Roddick survived a 83-game marathon match. The two players traded sets for the opening two hours before embarking on a marathon fifth set, where the American won after an exemplary 5 hours, reaching a Grand Slam semi-final for the first time. The 20 year old Roddick though struggled in the second round, but eventually won the tie-break from the 31 year old Moroccan. The two played the longest set of the Open Era, which is longest played even today, while Roger Federer and Roddick hold the record for the second longest fifth set, 16-14 at the Wimbledon 2009 final.

The exhausted players walked off the court hand-in-hand. A young Roddick said after the match, there was no strategy, it was just pure fighting. He had saved a match point as well.



[6] Marat Safin def Roger Federer, SF 2005 [5-7, 6-4, 5-7, 7-6(6), 9-7]

This match was one of the finest ever to have been played at Melbourne. The thrilling 5 set match concluded with the Russian’s victory as he moved to the final. This enthralling encounter left the Swiss maestro in a physical distress but his stubbornness took Safin to the worst case. It was a test of two strengths, the edgy one prevailed.



[5] Jo-Wilfried Tsonga def Rafael Nadal, SF 2008 [6-2, 6-3, 6-2]

Unseeded Frenchman, blew away the world number 2, Rafael Nadal, to reach the 2008 final. The Muhammad Ali look-alike, proved to share not only his face, but some wisdom also from the boxing legend. The victory was of such class, that it was a sharp warning for the prospective opponent, either Roger Federer or Novak Djokovic, as the second semi-final was yet to happen. The scores don’t show much of the hardwork put in, had the result been the opposite. But Tsonga’s forehands were way beyond the reach for the Spaniard to return. This weapon helped him throughout the match, as he qualified for the final against Djokovic.

“I was in my rhythm, I was playing fine but I don’t have a chance in this match,” said Nadal. “I tried to play a little slower, I tried to play faster, I tried to play more inside the court, more behind the baseline, but no chance. He played unbelievable.” “Federer is Federer. He can play at this level, but better than tonight is really difficult.”


[4] Stan Wawrinka def Novak Djokovic, QF 2014 [2-6, 6-4, 6-2, 3-6, 9-7]

This match was a revenge for the 2013 4R exit for the Swiss, where he lost to the Serb in a 5-setter. The QF of 2014 left Djokovic, stunned and awed, when he wasn’t expecting such high quality of tennis. Though Stan started slow, he picked up soon, later in the second and the third set, going down again in the fourth and pushing the match to a decider against the defending champion.

The fifth set could have been extended to be a marathon one, had Wawrinka not broken Djokovic in the 15th game of the set and 50th game of the match. Stan deserved the victory and defeated the 2012 finalist and the 2009 champion, Rafael Nadal in the final to win his first Grand Slam.

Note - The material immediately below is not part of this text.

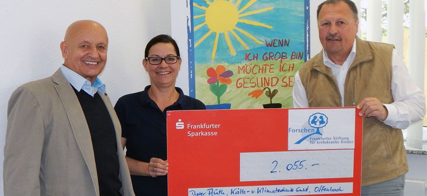 von links: Herr Dieter Auth (Firmengründer der Fa. Auth Klima- und Kältetechnik GmbH, Offenbach), Rudolf Starck (Geschäftsführer der Frankfurter Stiftung für krebskranke Kinder), Frau Carola Auth (Finanzen/Controlling der Fa. Auth Klima- und Kältetechnik GmbH, Offenbach)
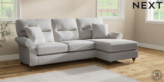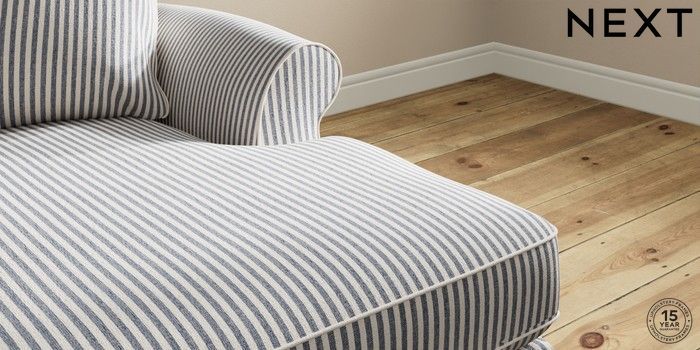 7.2.10 Ashford Highback Medium Sofa Chaise - Right Hand Chenille Stripe Slate Blue Modern Turned Metal Cap - Mid | Made Click here to use our website with more accessibility support, for example screen readers

[3] Rafael Nadal def Roger Federer, Final 2009 [7-5, 3-6, 7-6(3), 3-6, 6-2]

This was a match, very close to both of the competitors’ hearts, as one of those was bidding to win his first hard court Grand Slam and the other was aiming to win a Grand Slam which he had won for 5 previous years, and was bidding to equal Pete Sampras’s record of 14 Grand Slams. It was a battle between the top 2 players of the world.

It was the first time that Federer received the beaten finalist’s plate at the Australian Open, he was so emotionally injured, that he could only cry while standing there for a speech. He said “Hey guys!” and the crowd cheered the crying player.”God it’s killing me” he said during his first try and his then girlfriend, now his wife, Mirka Vavrinec (Federer) looked on from the entourage’s box with her hand over her mouth, and the Swiss stepped away from the microphone, and Nadal draped a consoling arm around Federer’s neck. It was remarked as the most respectable sportsmanship moment in the history of sports. Federer was given some time to settle.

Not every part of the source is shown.